* **DATA**:
####

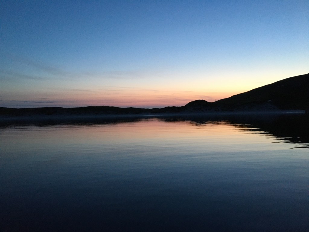 It’s overcast and still. A sea otter is in a bay a few hundred metres away. You can see his head pop out of the water, bob around a bit and then his sleak back arches as he dives. The last thing to disappear are his pad shaped feet. We see him come up several times and calmly paddle, just his head visible. Suddenly the glass of the surface is shattered by tiny fish scattering. Calm on the surface but clearly active beneath.
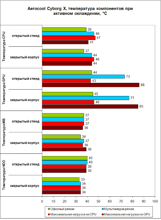 При активном охлаждении процессор чувствует себя более комфортно в корпусе, нежели на открытом стенде. Исключением является режим максимальной нагрузки на графический ускоритель, при котором CPU на «свежем воздухе» хотя и незначительно, но холоднее. Ситуация с видеокартой иная – в режим стресс-теста внутри Cyborg X максимальная температура на градус меньше, а в остальных режимах несколько превышает показатели, полученные на открытом стенде. Также внутри корпуса комфортнее материнской плате и жесткому диску.
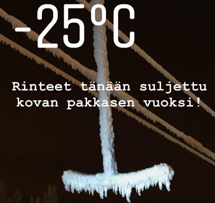 Kova pakkanen kurittaa talviurheilukeskuksia. Hyrynsalmella Kainuussa sijaitsevassa Ukkohallan hiihtokeskuksessa jouduttiin sulkemaan laskettelurinteet torstaina 24. tammikuuta, sillä pakkasmittari huiteli 25 asteessa. Mäkeen ei ollut asiaa.
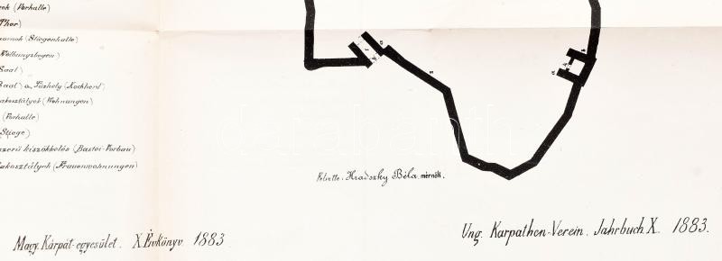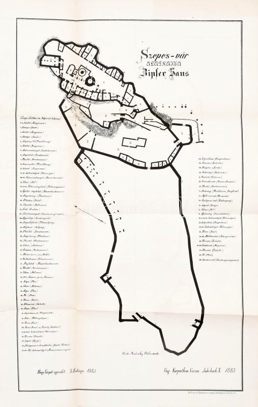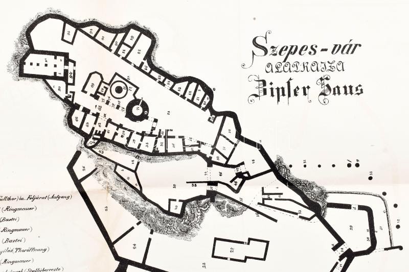 1883 Szepes-vár alaprajza, Zipser Haus,(Szepesi vár, Spissky hrad, Zipser Burg), felvette: Hradszky Béla, Magyar Kárpát Egyesület X. évkönyve 1883, Bp., Kellner és Mohrlüder-ny., hajtott, 49x31 cm / 1883 Map of Spissky hrad (Szepesi vár, Zipser Burg, 49x31 cm
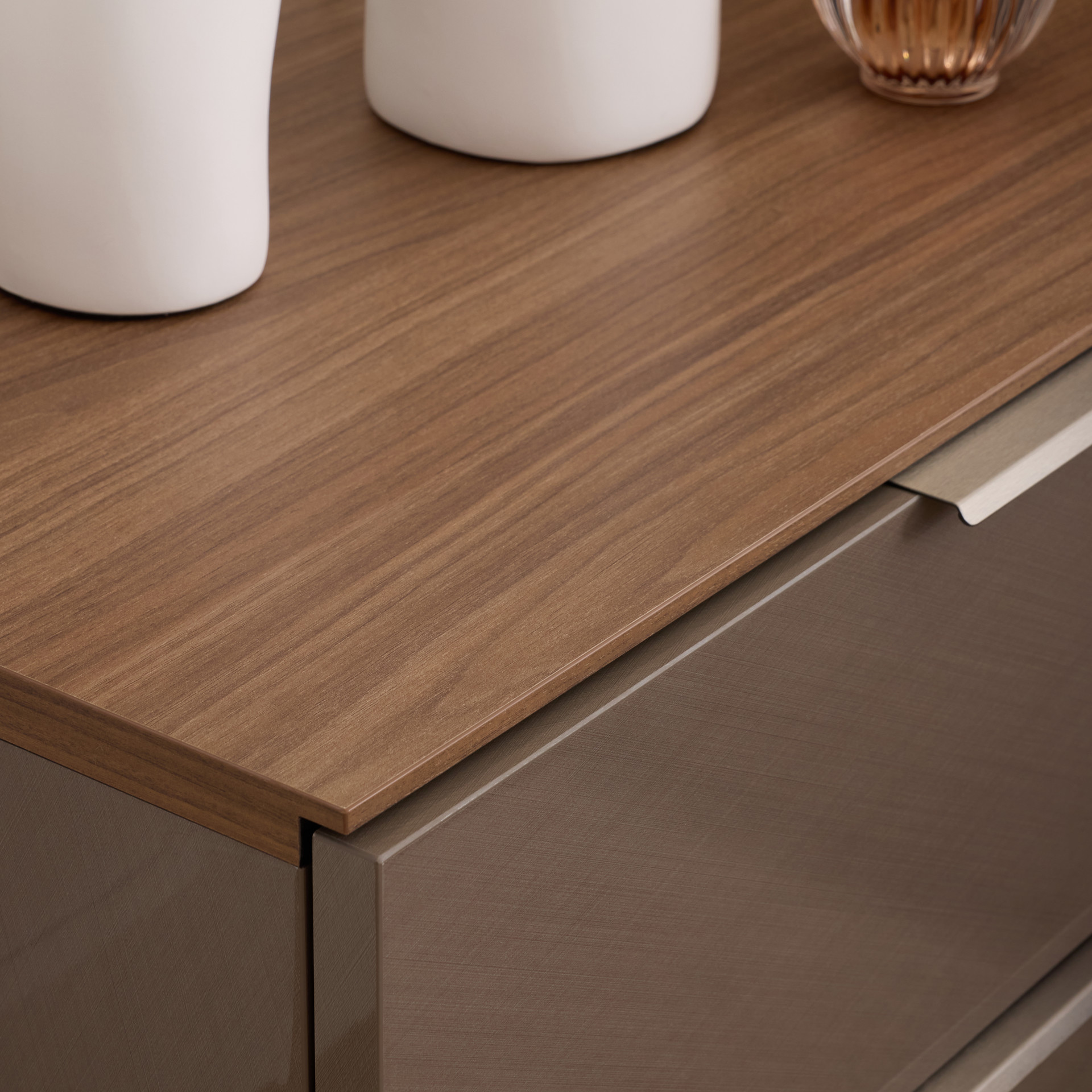 Designed and crafted in Italy from high-quality laminate, the dresser is sublimated by subtle accents of walnut-colored natural wood and brushed metal that add warmth and character to the ensemble.
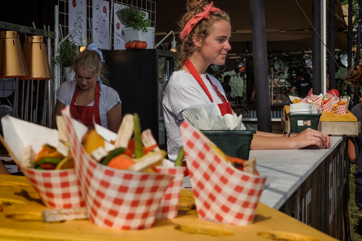 De Plenty, vernoemd naar en geïnspireerd door het kookboek van de topchef Yotam Ottolenghi, is een relatief nieuw gezicht. De Visser is dat niet. Hij begon zeven jaar geleden op Lowlands, een verhaal apart: 'Lowlands-directeur Eric van Eerdenburg kwam vroeger vaak bij jongerencentrum Pentastoma in Roden waar ik werkte. Kennelijk heb ik indruk op hem gemaakt; jaren later luisterde ik naar Kunststof waarbij Erik werd geïnterviewd en hij noemde mij als een van zijn inspiratiebronnen. Daarop nodigde ik hem bij mij thuis uit en mijn vrouw begon er al over dat ik als chefkok zou goed passen bij Lowlands, niet wetende wat er aan logistiek daarbij komt kijken,' lacht De Visser.
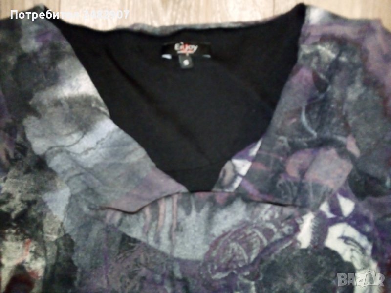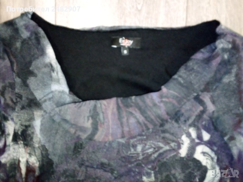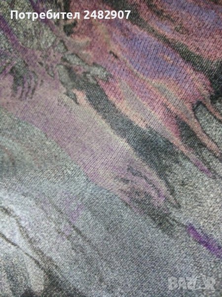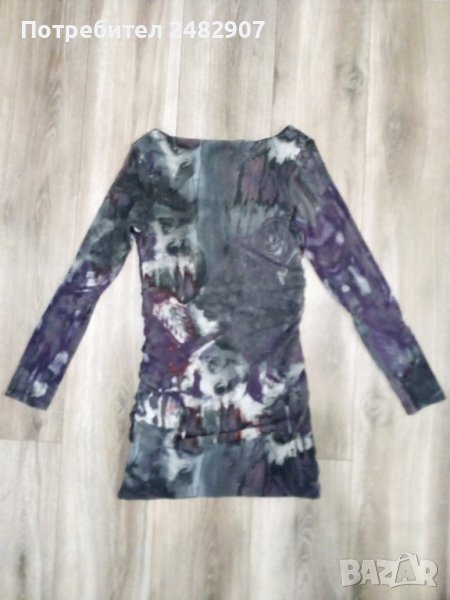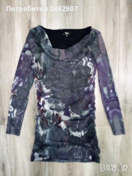 Дамска туника - тюл, размер S. Съдържа 100 % полиестер. Ширина в раменете - 38 см, ширина под мишниците - 40 см, ширина в долната част - 49 см, дължина от рамото до долу - 76 см, дължина на ръкава от рамото - 58 см, ширина на ръкава в долната част - 10 см. Много запазена, използвана е веднъж за повод, с подплата в областта на тялото (ръкавите са без подплата, полупрозрачни), с ефектно деколте и набръчкан ефект, без забележки.
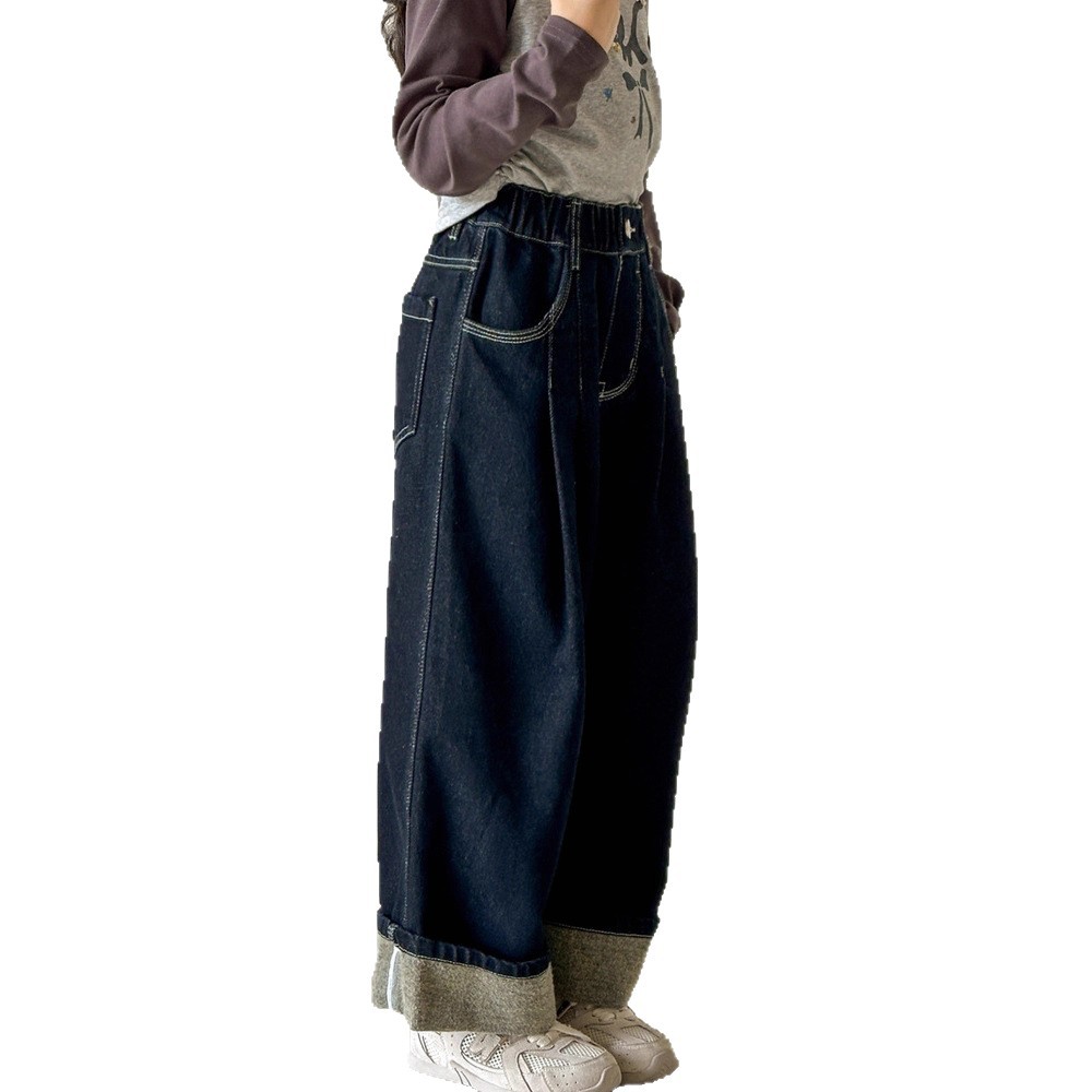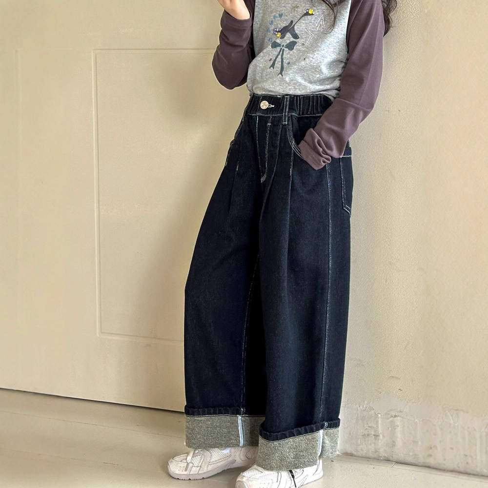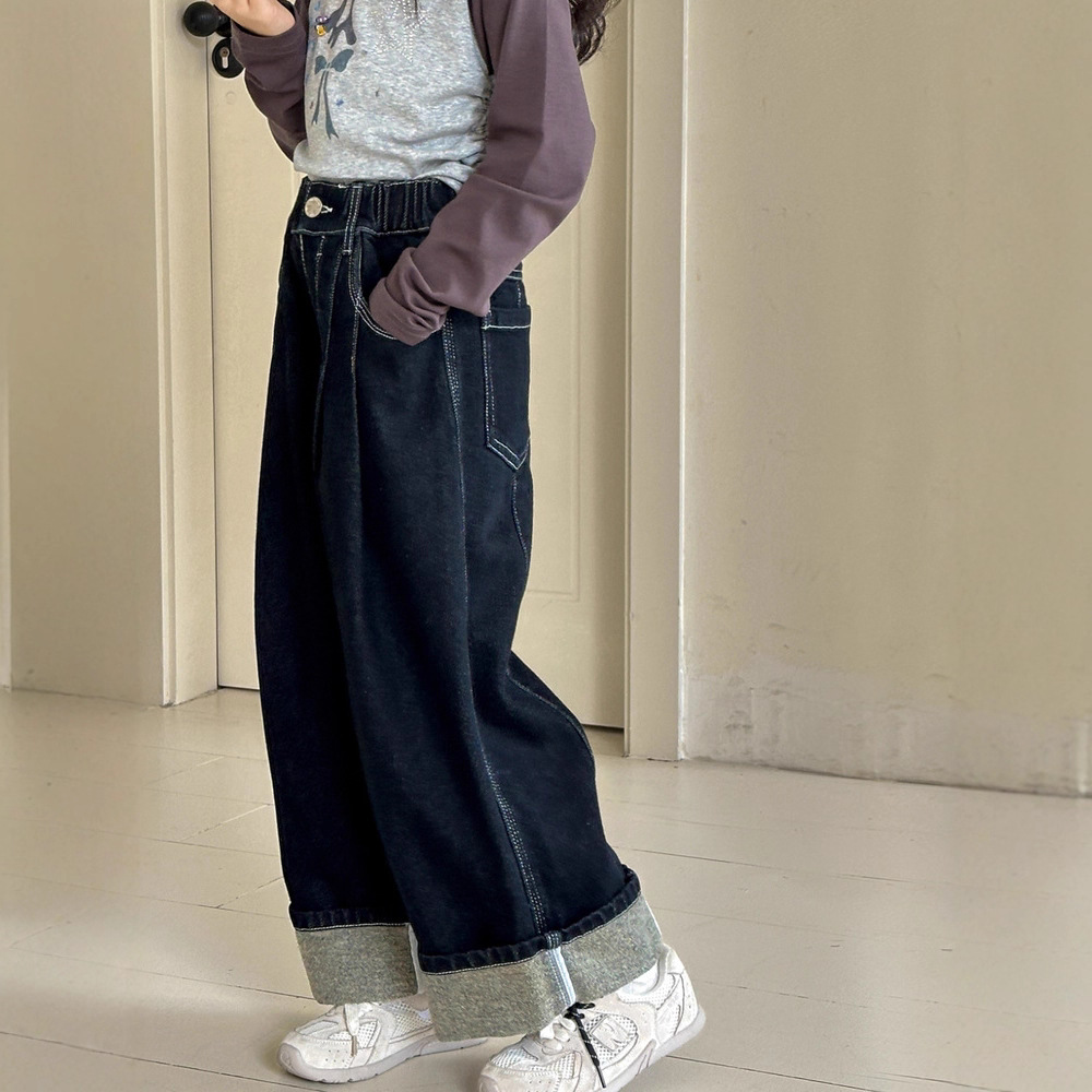 女童裤子春秋2025新款亲子装儿童秋装洋气休闲款翻边牛仔裤
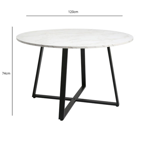 This sleek modern dining table adds a sophisticated style to your dining space. With space to seat four, this round dining table is perfect for creating a social environment in a small space. The Clara dining table is made with a marble effect tabletop and black steel frame.

####

* **INSTRUCTIONS TO FOLLOW**: Above are entries with pictures among them. Write out exactly the lines from the one containing "Дамска туника - тюл, размер" through the one containing "女童裤子春秋2025新款亲子装儿童秋装洋气休闲款翻边牛仔裤", ends included, and leave those pictures out.

* **YOUR RESPONSE**:
 Дамска туника - тюл, размер S. Съдържа 100 % полиестер. Ширина в раменете - 38 см, ширина под мишниците - 40 см, ширина в долната част - 49 см, дължина от рамото до долу - 76 см, дължина на ръкава от рамото - 58 см, ширина на ръкава в долната част - 10 см. Много запазена, използвана е веднъж за повод, с подплата в областта на тялото (ръкавите са без подплата, полупрозрачни), с ефектно деколте и набръчкан ефект, без забележки.
 女童裤子春秋2025新款亲子装儿童秋装洋气休闲款翻边牛仔裤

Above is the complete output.